- [How to complete this task]:
If a picture appears, leave it out, and reproduce exactly the lines from the start of the listing below through the one bearing "Analógový mixážny pult".

=== Section Start ===

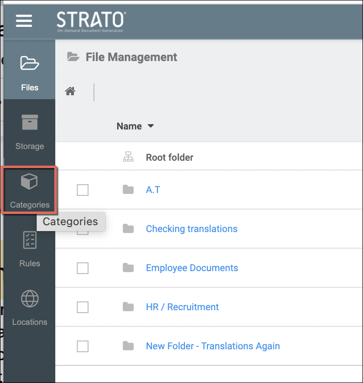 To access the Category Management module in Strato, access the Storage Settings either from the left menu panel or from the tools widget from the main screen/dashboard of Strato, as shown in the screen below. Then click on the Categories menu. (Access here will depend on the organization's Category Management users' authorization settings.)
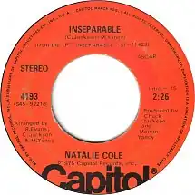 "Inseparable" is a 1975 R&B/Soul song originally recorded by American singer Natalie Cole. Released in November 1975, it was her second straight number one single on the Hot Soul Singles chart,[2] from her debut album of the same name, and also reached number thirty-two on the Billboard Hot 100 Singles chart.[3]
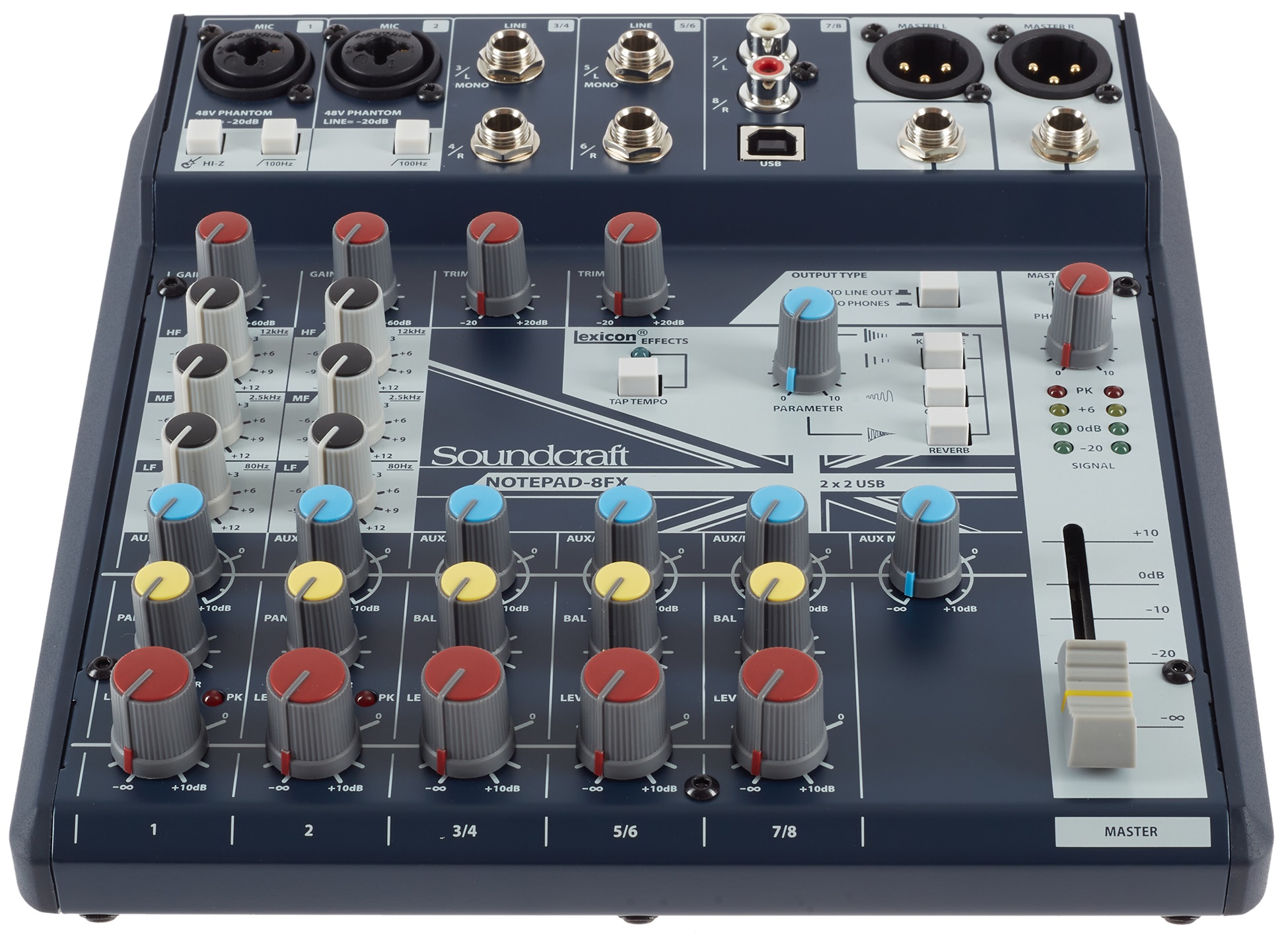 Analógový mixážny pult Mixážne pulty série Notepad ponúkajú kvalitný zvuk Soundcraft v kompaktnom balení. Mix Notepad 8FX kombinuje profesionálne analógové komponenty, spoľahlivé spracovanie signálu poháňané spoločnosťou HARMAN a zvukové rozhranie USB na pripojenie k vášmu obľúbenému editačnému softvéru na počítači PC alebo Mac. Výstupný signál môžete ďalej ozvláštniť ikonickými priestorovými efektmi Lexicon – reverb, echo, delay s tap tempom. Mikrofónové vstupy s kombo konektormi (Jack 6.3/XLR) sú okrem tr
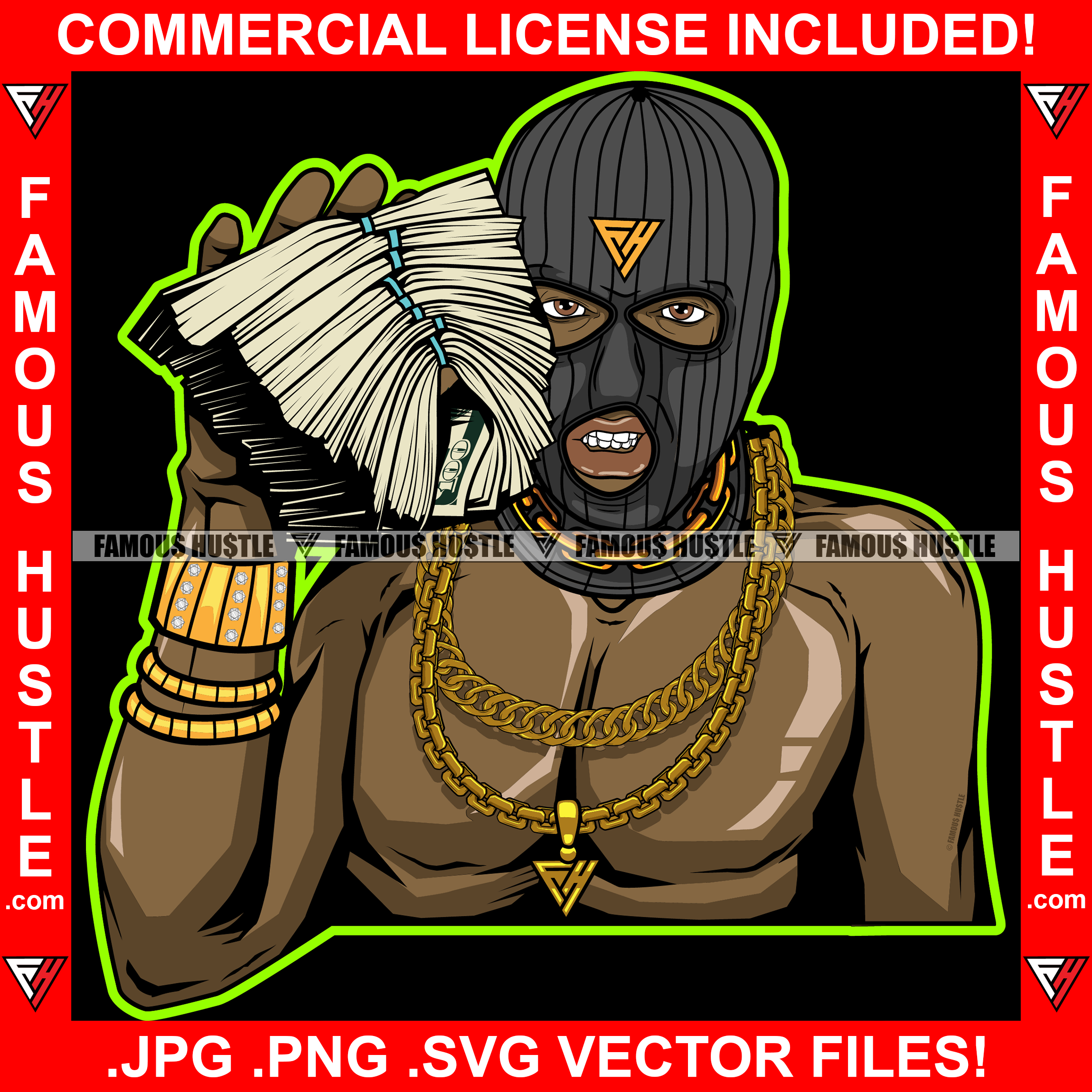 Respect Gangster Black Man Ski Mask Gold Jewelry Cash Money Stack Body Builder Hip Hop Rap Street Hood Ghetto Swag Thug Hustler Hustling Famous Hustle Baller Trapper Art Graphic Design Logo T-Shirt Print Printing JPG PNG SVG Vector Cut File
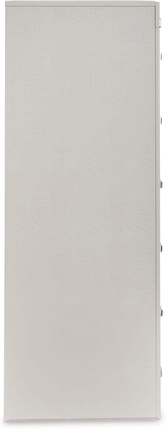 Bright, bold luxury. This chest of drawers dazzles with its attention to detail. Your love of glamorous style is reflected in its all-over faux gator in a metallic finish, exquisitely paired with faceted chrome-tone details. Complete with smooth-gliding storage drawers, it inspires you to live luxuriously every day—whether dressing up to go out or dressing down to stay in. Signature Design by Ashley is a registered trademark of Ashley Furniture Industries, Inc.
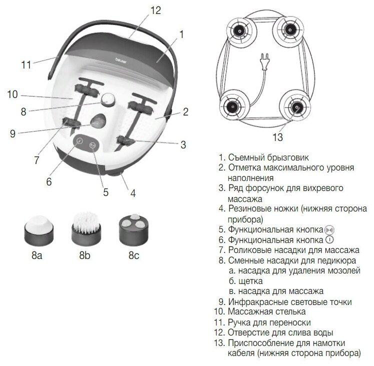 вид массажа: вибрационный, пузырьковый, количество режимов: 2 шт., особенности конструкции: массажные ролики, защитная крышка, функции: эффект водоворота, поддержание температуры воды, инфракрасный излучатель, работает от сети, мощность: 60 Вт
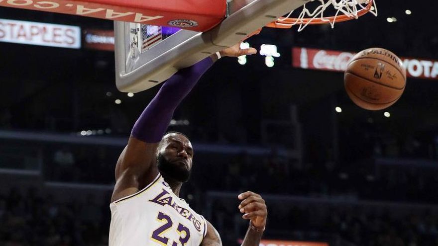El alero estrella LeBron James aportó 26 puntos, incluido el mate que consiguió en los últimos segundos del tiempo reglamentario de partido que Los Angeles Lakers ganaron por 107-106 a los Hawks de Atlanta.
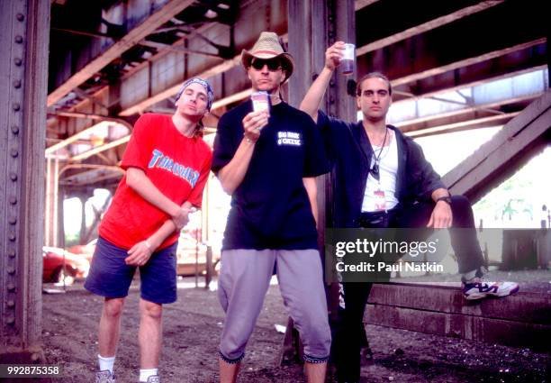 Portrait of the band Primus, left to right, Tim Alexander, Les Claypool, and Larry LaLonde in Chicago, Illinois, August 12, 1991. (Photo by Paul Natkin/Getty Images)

=== Section End ===

- [Result for this task]:
 To access the Category Management module in Strato, access the Storage Settings either from the left menu panel or from the tools widget from the main screen/dashboard of Strato, as shown in the screen below. Then click on the Categories menu. (Access here will depend on the organization's Category Management users' authorization settings.)
 "Inseparable" is a 1975 R&B/Soul song originally recorded by American singer Natalie Cole. Released in November 1975, it was her second straight number one single on the Hot Soul Singles chart,[2] from her debut album of the same name, and also reached number thirty-two on the Billboard Hot 100 Singles chart.[3]
 Analógový mixážny pult Mixážne pulty série Notepad ponúkajú kvalitný zvuk Soundcraft v kompaktnom balení. Mix Notepad 8FX kombinuje profesionálne analógové komponenty, spoľahlivé spracovanie signálu poháňané spoločnosťou HARMAN a zvukové rozhranie USB na pripojenie k vášmu obľúbenému editačnému softvéru na počítači PC alebo Mac. Výstupný signál môžete ďalej ozvláštniť ikonickými priestorovými efektmi Lexicon – reverb, echo, delay s tap tempom. Mikrofónové vstupy s kombo konektormi (Jack 6.3/XLR) sú okrem tr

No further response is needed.